But now, the fitness industry is rife with investment-heavy systems where you buy the equipment while also having to pay a monthly fee to stream content - it's a useful strategy for money-making on the manufacturer side and accountability from the user. Peloton's been one of the most successful pioneers of this model but brands like Mirror, Echelon, Tonal, and even a classic like NordicTrack entered the fray, all with unique yet somewhat similar setups.

It's in this uber-competitive market that we meet Liteboxer, a new home gym solution meant to do for boxing what Peloton did for biking - but with more lights, music, and tactical satisfaction.

Specs

Liteboxer
Weight150 lbs
Dimensions54"- 64" x 55.3" x 37.5"
Max user weight325 lb
Minimum app requirementsiPad 5th generation, iPhone 8 on iOS 10, Android 7.0 with > 2 GB RAM

Setting up the Liteboxer

The Liteboxer typically delivers in two large boxes for self-setup.
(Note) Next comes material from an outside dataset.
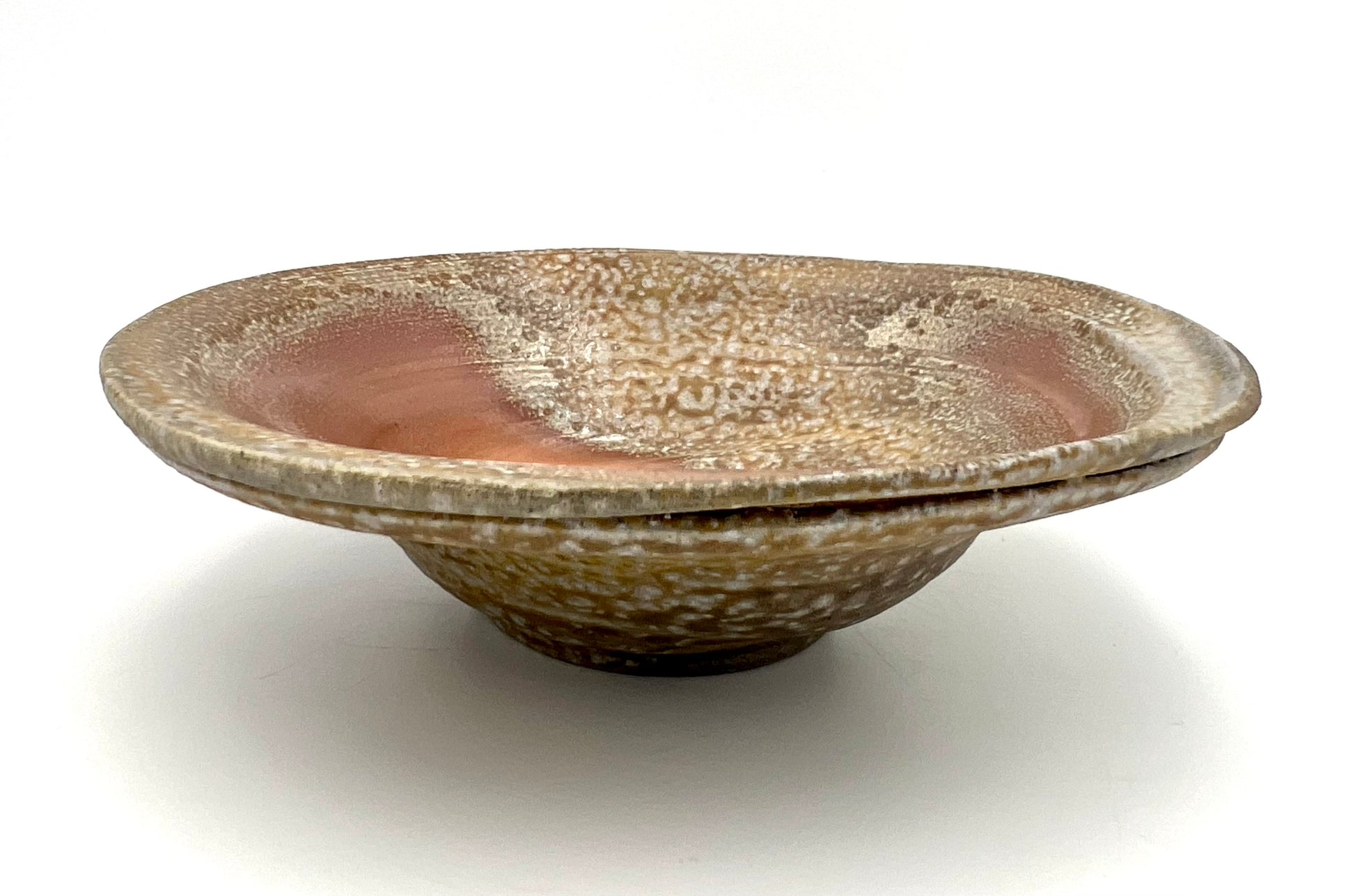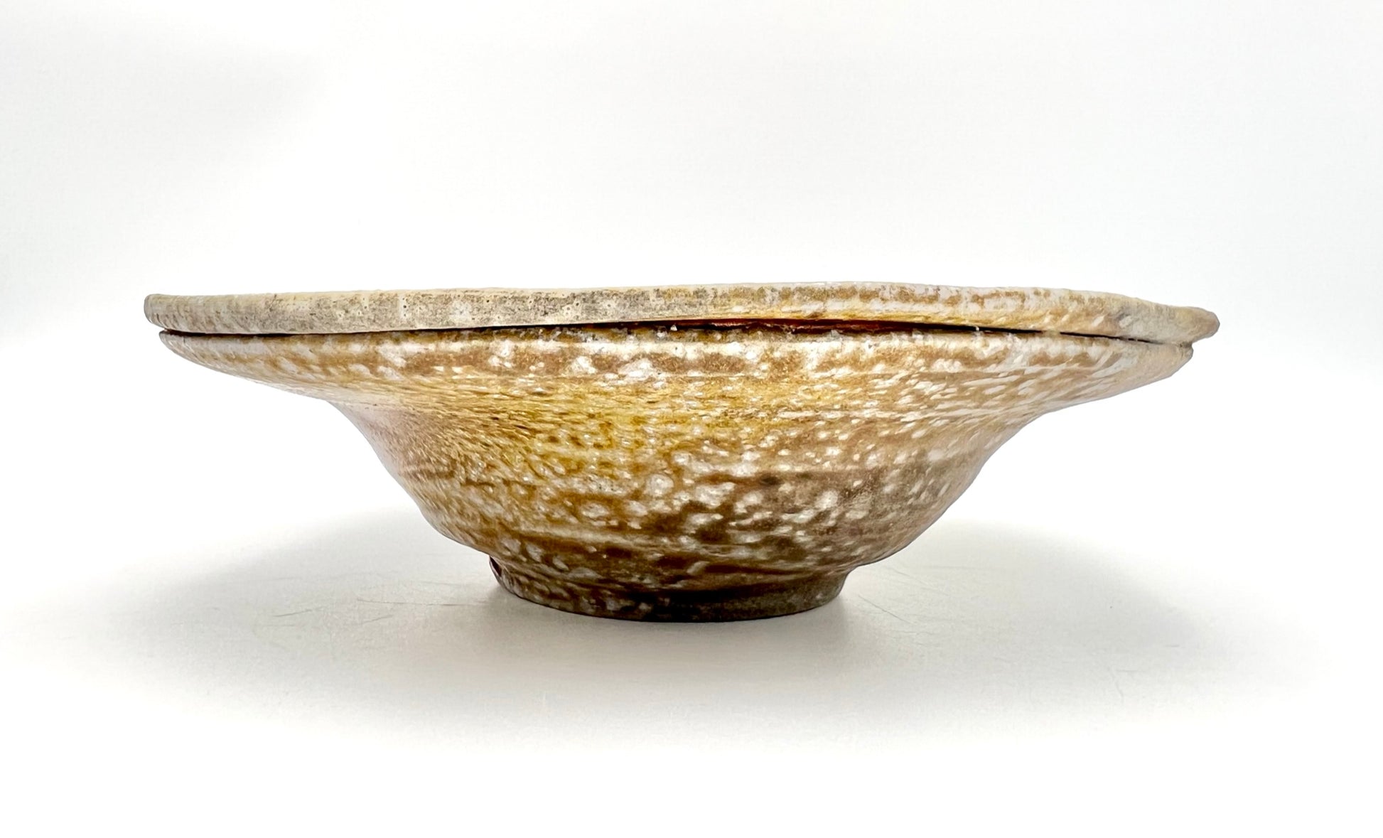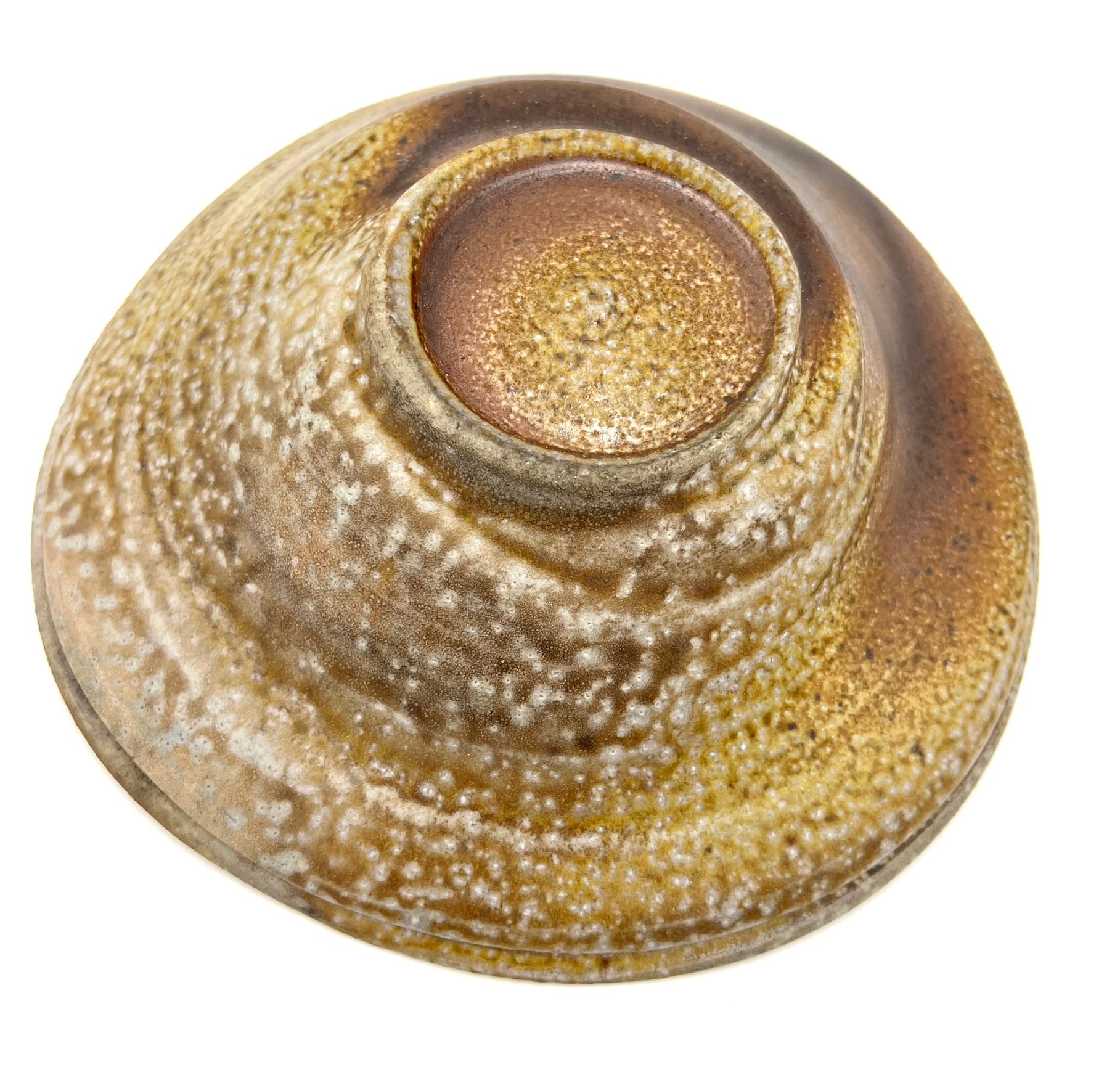 This bowl was thrown and trimmed on the wheel of porcelaneous stoneware clay. Beautiful crystal growth and dark to light flashing splay across this bowl. There is a very free form to this single server. It also features a double lip for added intrigue. The bowl measures 8 inches wide.

White glove assembly and delivery aren't available but the brand offers a video tutorial and written instructions that break down the steps.

I can't speak from experience how that works, however, since mine was a fully assembled model that had been making the press rounds. I received it shrink-wrapped on a pallet, and a little worse for wear with a few missing components.
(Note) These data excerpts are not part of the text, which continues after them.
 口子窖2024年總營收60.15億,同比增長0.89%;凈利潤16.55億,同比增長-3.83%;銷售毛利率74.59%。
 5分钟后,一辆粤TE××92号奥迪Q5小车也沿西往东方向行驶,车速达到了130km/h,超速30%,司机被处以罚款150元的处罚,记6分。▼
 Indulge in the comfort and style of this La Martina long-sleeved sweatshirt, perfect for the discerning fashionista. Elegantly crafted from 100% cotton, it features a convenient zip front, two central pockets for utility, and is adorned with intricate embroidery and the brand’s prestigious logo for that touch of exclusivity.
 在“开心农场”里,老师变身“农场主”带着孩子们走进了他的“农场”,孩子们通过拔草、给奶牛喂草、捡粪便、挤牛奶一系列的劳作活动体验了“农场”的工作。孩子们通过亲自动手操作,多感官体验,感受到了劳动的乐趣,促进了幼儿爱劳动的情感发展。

The few things I did do - screwing on the rubber feet, adjusting the level of the feet and shield unit height, sticking the USB cable into a plug - were straightforward.

a bag of luggage sitting on top of a table: Su-Jit Lin/Insider © Su-Jit Lin/Insider Su-Jit Lin/Insider

Before you start, you need to have a few things in place: Your phone or tablet, a speaker of some kind, and gloves. From there, you need to download the app and create an account. This is needed as the whole point of Liteboxer's program is to hit designated strike zones to music and track stats like strike force and the number of punches thrown.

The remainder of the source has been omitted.